**Exercise prompt**: In the material below, the lines from the one containing "Table 4.5 Responses" through the one containing "Almost 80 percent" are to be given again exactly, ends included, and no others.

**Dataset extract**:
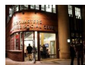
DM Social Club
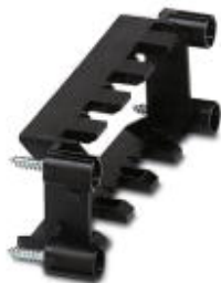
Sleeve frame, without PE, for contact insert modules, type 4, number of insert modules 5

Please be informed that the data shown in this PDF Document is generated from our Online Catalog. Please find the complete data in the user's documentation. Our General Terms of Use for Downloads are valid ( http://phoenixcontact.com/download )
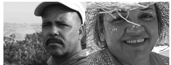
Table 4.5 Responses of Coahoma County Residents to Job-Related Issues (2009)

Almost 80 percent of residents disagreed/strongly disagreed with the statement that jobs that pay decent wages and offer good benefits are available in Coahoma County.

...

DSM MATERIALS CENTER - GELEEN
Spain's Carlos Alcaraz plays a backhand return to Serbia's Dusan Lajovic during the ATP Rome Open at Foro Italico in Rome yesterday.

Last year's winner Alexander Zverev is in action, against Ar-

---

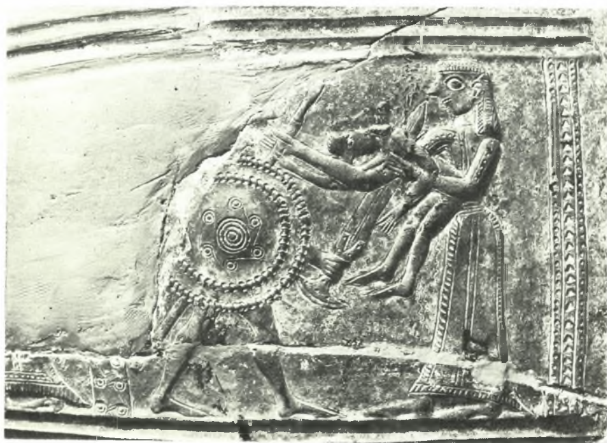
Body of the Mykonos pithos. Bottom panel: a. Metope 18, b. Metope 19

**Expected answer**:
Table 4.5 Responses of Coahoma County Residents to Job-Related Issues (2009)

Almost 80 percent of residents disagreed/strongly disagreed with the statement that jobs that pay decent wages and offer good benefits are available in Coahoma County.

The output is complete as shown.